D—H···A | D—H | H···A | D···A | D—H···A |
N5—H5N···O3i | 0.859 (10) | 2.08 (2) | 2.911 (6) | 164 (6) |
Symmetry code: (i) x, y−1, z. |
The stereochemistry of biologically significant alkyl sulfonanilides, particularly in the vicinity of the phenyl–NH portion is of interest as it helps in explaining their biological activity. In the present work, the structure of N-(4-fluorophenyl)-methanesulfonamde (4FPMSA) has been determined (Fig. 1) to explore the substituent effects on the structures of sulphonanilides (Gowda et al., 2007a-c). The substitution of either the fluoro or nitro group at the para position of N- (phenyl)-methanesulfonamde (PMSA),(Klug, 1968) does not change the space group (Gowda et al., 2007a), unlike in the case of meta substitutions in PMSA (Gowda et al., 2007b,c). The bond parameters in PMSA, 4FPMSA and N-(4-nitrophenyl)-methanesulfonamde (4NPMSA)are similar except some changes in the angle, S2N5C6: 120.0 (1)° (PMSA); 120.2 (3)° (4FPMSA) and 128.1 (3)° (4NPMSA), respectively, and in torsional angles, C1—S2—N5—C6, S2—N5—C6—C7, S2—N5—C6—C11: 62.2 (2)°, 75.5 (2)°, -106.6 (2)° (PMSA); -70.7 (4)°, 102.8 (5)°, -78.1 (6)° (4FPMSA) & -67.2 (4)°, -21.5 (6)%, 158.9 (4)° (4NPMSA), respectively.
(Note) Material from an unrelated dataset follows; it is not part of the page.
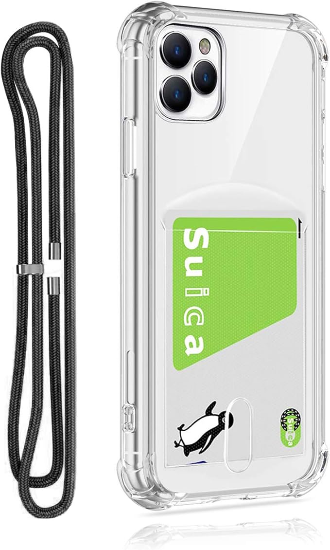 Pelanty for iPhone 11 Pro Max 縄掛けケース for iPhone 11Pro Max 背面カバー クリアケース 柔軟 シリコン 透明TPUバンパー ICカード収納 ネック ショルダー ストラップ付き アイフォン11Pro Max 落下防止 衝撃吸収 指紋防止 薄型軽量 (縄掛け-透明)

The amide hydrogen sits alone on one side of the plane of the phenyl group, while the whole methanesulfonyl group is on the opposite side of the plane similar to that observed in other alkyl sulfonanilides (Gowda et al., 2007a-c). It is thus available to a receptor molecule during its biological activity. The molecules in the title compound are packed into layer structure (Fig. 2) in the direction of a axis via N—H···O hydrogen bonds(Table 1).